-- Task objective --
All lines from the one that contains "Figure 4a,b depict" to the end of the data must be retyped exactly. Pictures are not retyped.

-- Data extract --
[Start of section]
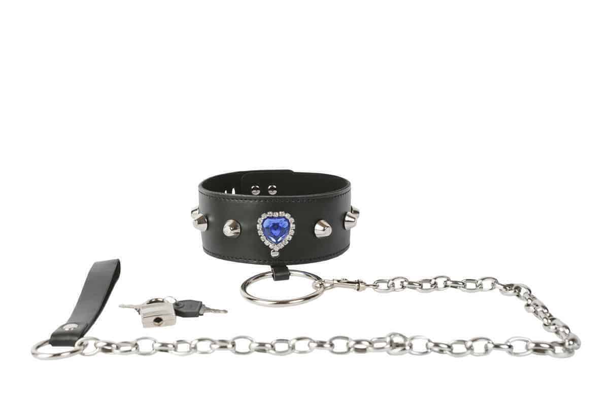 Широкий ошейник, украшенный хромированными заклёпками и голубым кристаллом, выполнен из кожзаменителя. Аксессуар снабжен большим кольцом, к которому крепится цепочка-поводок. Поводок съемный.
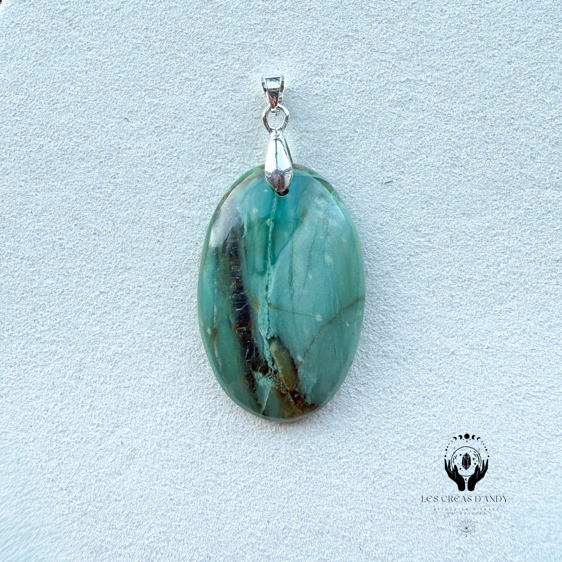 Pendentifs en pierres naturelles Jaspe gary green et bélière acier inoxydable.
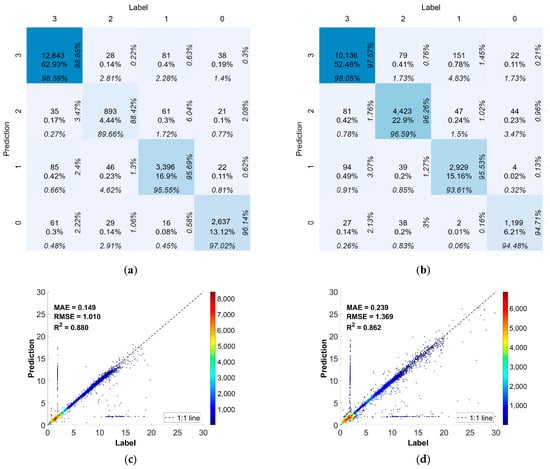 Figure 4a,b depict the confusion matrix heatmaps of the sea clutter amplitude distribution classification task under HH and VV polarization, respectively. Class 3 represents the Pareto distribution, class 2 represents the K distribution, class 1 represents the Weibull distribution, and class 0 represents the Log-normal distribution. Taking the correct identification of HH-polarized sea clutter samples following the Pareto distribution as an example, the percentage on the right of the cell indicates a precision of 98.85%, the percentage at the bottom indicates a recall of 98.59%, the middle number indicates a count of 12,643 sea clutter samples, and the percentage below the number represents its proportion in the total test samples, at 62.93%. Although the data of HH-polarized sea clutter K distribution are sparse, accounting for less than 5%, they still perform well in the classification task, with a precision of 88.42%. Pareto distribution data are the most abundant and show the best performance, with precision exceeding 95% for the other distributions as well. In VV polarization mode, with an increase in K distribution data, the classification precision significantly improves to 96.26%, while the Pareto distribution continues to perform the best with a precision of 97.57%, and the precision for the other distributions remains around 95%.
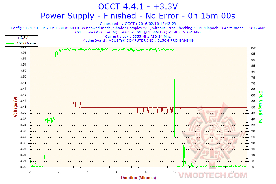 ไฟ +3.3V  ไม่มีโหลดอยู่ที่ประมาณ 3.43V ระหว่างมีโหลดตกลงมานิดหน่อยครับที่ 3.41V เท่าน้นเองถือว่าน้อยมากๆเลยครับ นิ่งสุดยอดจริงๆ
[End of section]
-- Answer for the task --
 Figure 4a,b depict the confusion matrix heatmaps of the sea clutter amplitude distribution classification task under HH and VV polarization, respectively. Class 3 represents the Pareto distribution, class 2 represents the K distribution, class 1 represents the Weibull distribution, and class 0 represents the Log-normal distribution. Taking the correct identification of HH-polarized sea clutter samples following the Pareto distribution as an example, the percentage on the right of the cell indicates a precision of 98.85%, the percentage at the bottom indicates a recall of 98.59%, the middle number indicates a count of 12,643 sea clutter samples, and the percentage below the number represents its proportion in the total test samples, at 62.93%. Although the data of HH-polarized sea clutter K distribution are sparse, accounting for less than 5%, they still perform well in the classification task, with a precision of 88.42%. Pareto distribution data are the most abundant and show the best performance, with precision exceeding 95% for the other distributions as well. In VV polarization mode, with an increase in K distribution data, the classification precision significantly improves to 96.26%, while the Pareto distribution continues to perform the best with a precision of 97.57%, and the precision for the other distributions remains around 95%.
 ไฟ +3.3V  ไม่มีโหลดอยู่ที่ประมาณ 3.43V ระหว่างมีโหลดตกลงมานิดหน่อยครับที่ 3.41V เท่าน้นเองถือว่าน้อยมากๆเลยครับ นิ่งสุดยอดจริงๆ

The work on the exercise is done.